[[ SUPPLIED DATA, beginning ]]

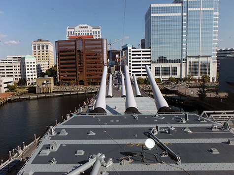 miles away in the Chesapeake, VA area, three 16-inch monster cannon that
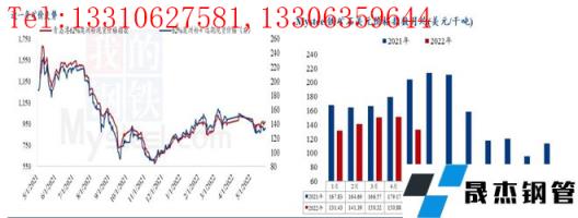 無縫厚壁鋼管廠家利潤(rùn)方面,截至5月27日,調(diào)研河北螺紋噸鋼毛利-108元/噸,環(huán)比上月降低212元/噸,江蘇螺紋噸鋼毛利10元/噸,環(huán)比上月降低164元/噸。河北區(qū)域噸鋼毛利持續(xù)下跌,目前鋼價(jià)已經(jīng)跌破無縫厚壁鋼管廠家生產(chǎn)成本。江蘇區(qū)域噸鋼毛利現(xiàn)處于盈虧線附近,無縫厚壁鋼管廠家利潤(rùn)十分微薄。
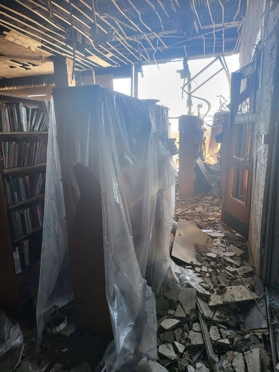Также сообщается, что пострадала библиотека. В ней начался пожар, здание существенно повреждено.

[[ SUPPLIED DATA, end ]]

> **EXERCISE GOAL**:
Reproduce the full listing faithfully, but do not carry over any pictures.

> **COMPLETED TASK**:
 miles away in the Chesapeake, VA area, three 16-inch monster cannon that
 無縫厚壁鋼管廠家利潤(rùn)方面,截至5月27日,調(diào)研河北螺紋噸鋼毛利-108元/噸,環(huán)比上月降低212元/噸,江蘇螺紋噸鋼毛利10元/噸,環(huán)比上月降低164元/噸。河北區(qū)域噸鋼毛利持續(xù)下跌,目前鋼價(jià)已經(jīng)跌破無縫厚壁鋼管廠家生產(chǎn)成本。江蘇區(qū)域噸鋼毛利現(xiàn)處于盈虧線附近,無縫厚壁鋼管廠家利潤(rùn)十分微薄。
Также сообщается, что пострадала библиотека. В ней начался пожар, здание существенно повреждено.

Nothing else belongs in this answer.